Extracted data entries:
'''

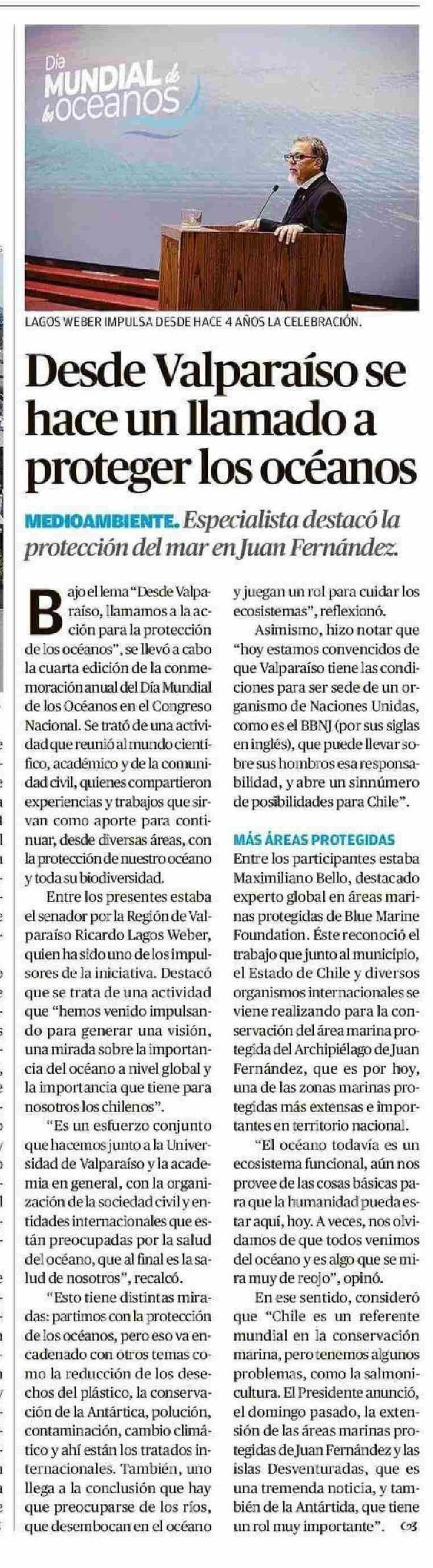 Desde Valparaíso se proteger los océanos hace un llamado a 08-06-2025 El Mercurio de Valparaíso |
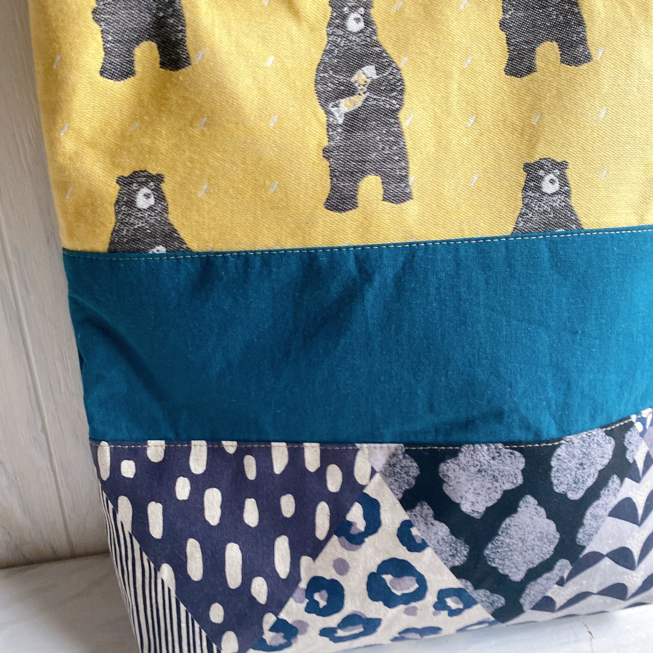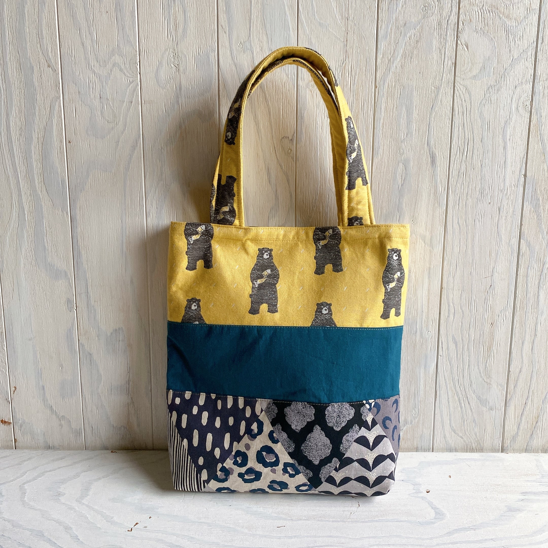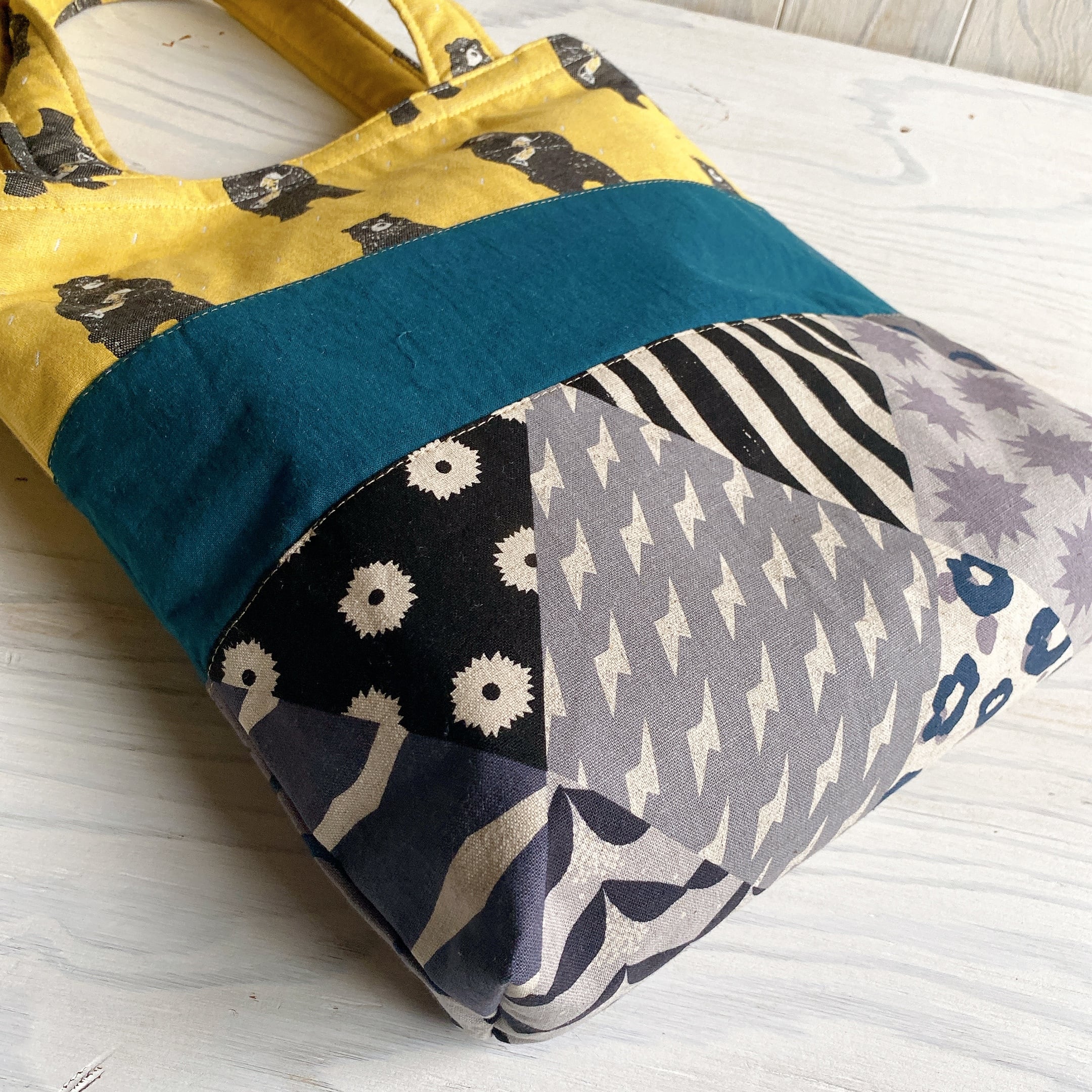 3種類の生地をつなぎ合わせたオンリーワンのバックです。
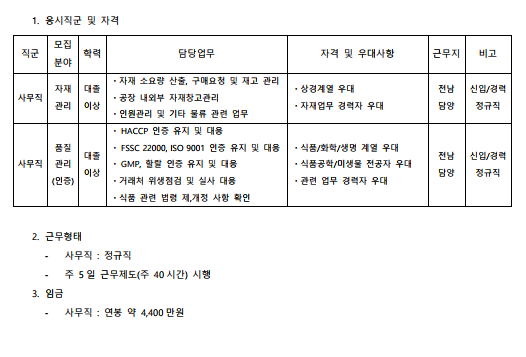 자연과사람들에서 자재관리, 품질관리(인증) 신입/경력사원을 아래와 같이 채용합니다.
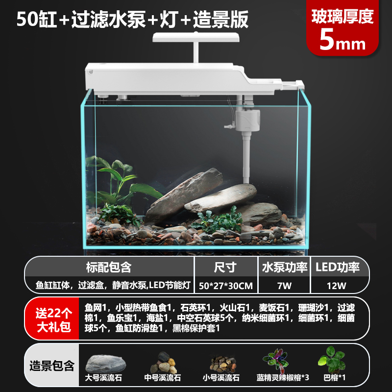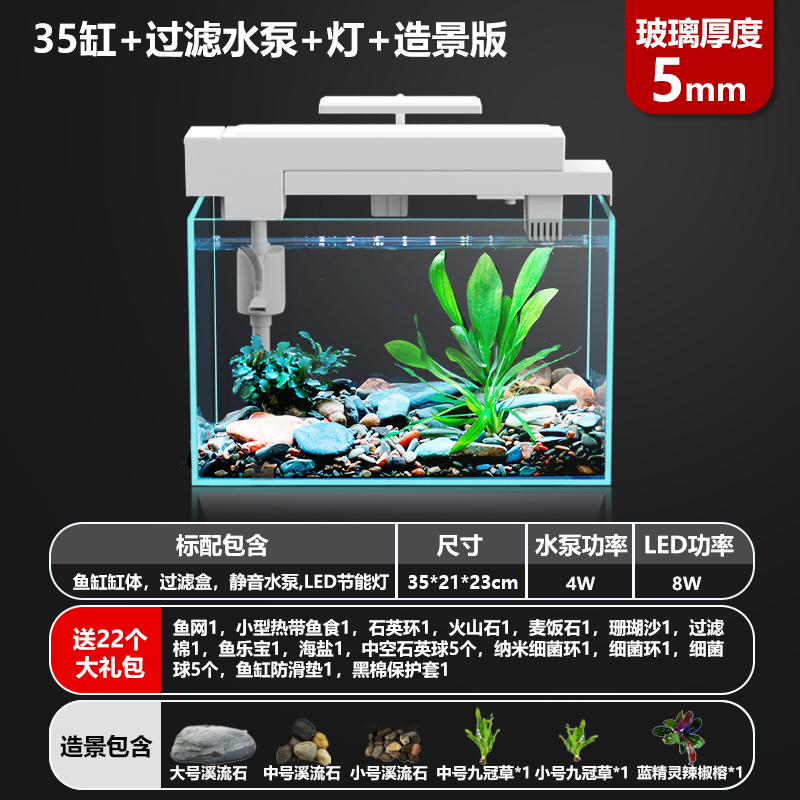 슈퍼 화이트 유리 물고기 탱크 가정용 거실 작은 데스크탑 생태 스트림 풍경 유리 게으른 금붕어 거북이 탱크
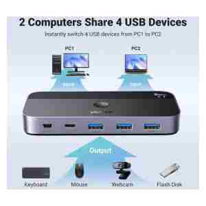 USB preklopnik UGREEN 4-In 2-Out podpira 2 računalnika, ki si delita 4 naprave USB, kot so tipkovnice, miške, tiskalniki, slušalke in kamere USB. Prosto preklapljajte med službenim in osebnim računalnikom in povečajte svojo delovno učinkovitost.
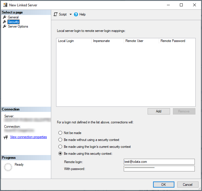 SQL Server Linked Server からConnect AI の仮想SQL Server API へのコネクションを確立するには以下の手順に従います。1
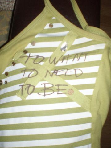 Topikas, žaliai-baltas, su užrašu, to want, to need, to be. Apačioje originalus nukirpimas.
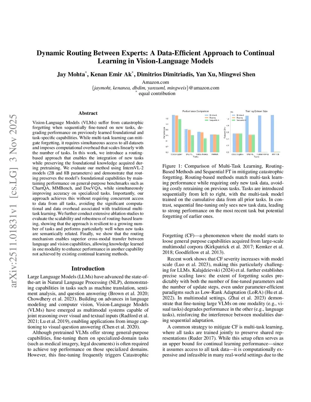 Vision-Language Models (VLMs) suffer from catastrophic forgetting when sequentially fine-tuned on new tasks, degrading performance on previously learned foundational and task-specific capabilities. While multi-task learning can mitigate forgetting, it requires simultaneous access to all datasets and imposes computational overhead that scales linearly with the number of tasks. In this work, we introduce a routing-based approach that enables the integration of new tasks while preserving the foundational knowledge acquired during pretraining. We evaluate our method using InternVL-2 models (2B and 8B parameters) and demonstrate that routing preserves the model's foundational capabilities by maintaining performance on general-purpose benchmarks such as ChartQA, MMBench, and DocVQA, while simultaneously improving accuracy on specialized tasks. Importantly, our approach achieves this without requiring concurrent access to data from all tasks, avoiding the significant computational and data overhead associated with traditional multi-task learning. We further conduct extensive ablation studies to evaluate the scalability and robustness of routing-based learning, showing that the approach is resilient to a growing number of tasks and performs particularly well when new tasks are semantically related. Finally, we show that the routing mechanism enables superior cross-modal transfer between language and vision capabilities, allowing knowledge learned in one modality to enhance performance in another capability not achieved by existing continual learning methods.
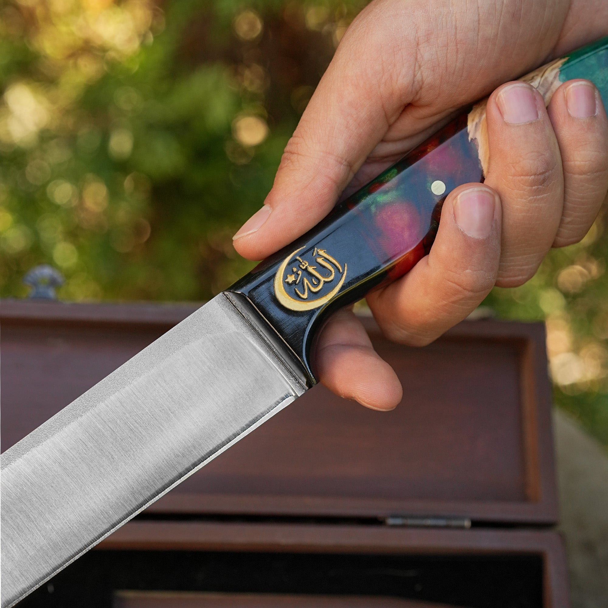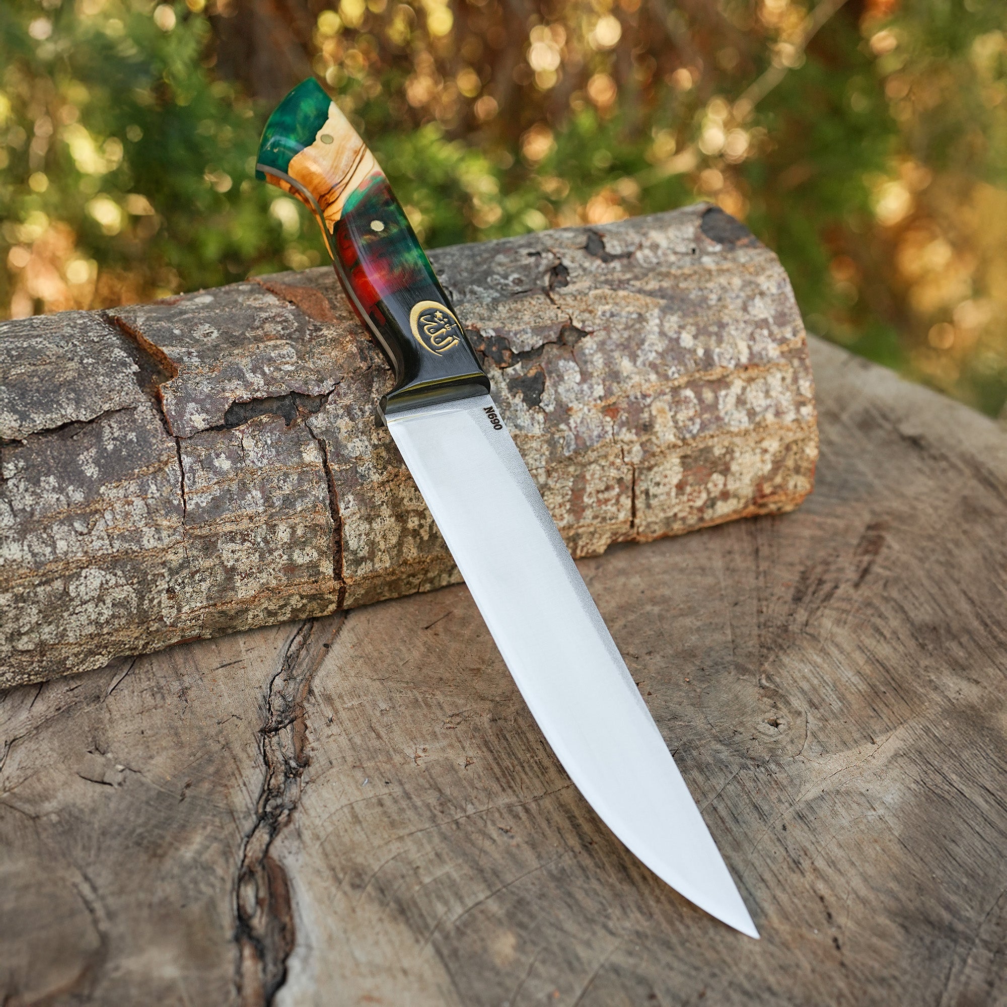 Yüksek performanslı N690 çeliğinden üretilen bu özel bıçak, keskinliği ve dayanıklılığıyla ön plana çıkar. Epoksi sapı ile elde edilen yapısı, İşlemeli yüzeyiyle hem estetik hem de fonksiyonel bir kullanım sunar.

'''

Your objective: Repeat, exactly and in full, each line from the start of the data to the line that contains "Topikas, žaliai-baltas, su". Pictures do not go in.

Completed task:
 Desde Valparaíso se proteger los océanos hace un llamado a 08-06-2025 El Mercurio de Valparaíso |
 3種類の生地をつなぎ合わせたオンリーワンのバックです。
 자연과사람들에서 자재관리, 품질관리(인증) 신입/경력사원을 아래와 같이 채용합니다.
 슈퍼 화이트 유리 물고기 탱크 가정용 거실 작은 데스크탑 생태 스트림 풍경 유리 게으른 금붕어 거북이 탱크
 USB preklopnik UGREEN 4-In 2-Out podpira 2 računalnika, ki si delita 4 naprave USB, kot so tipkovnice, miške, tiskalniki, slušalke in kamere USB. Prosto preklapljajte med službenim in osebnim računalnikom in povečajte svojo delovno učinkovitost.
 SQL Server Linked Server からConnect AI の仮想SQL Server API へのコネクションを確立するには以下の手順に従います。1
 Topikas, žaliai-baltas, su užrašu, to want, to need, to be. Apačioje originalus nukirpimas.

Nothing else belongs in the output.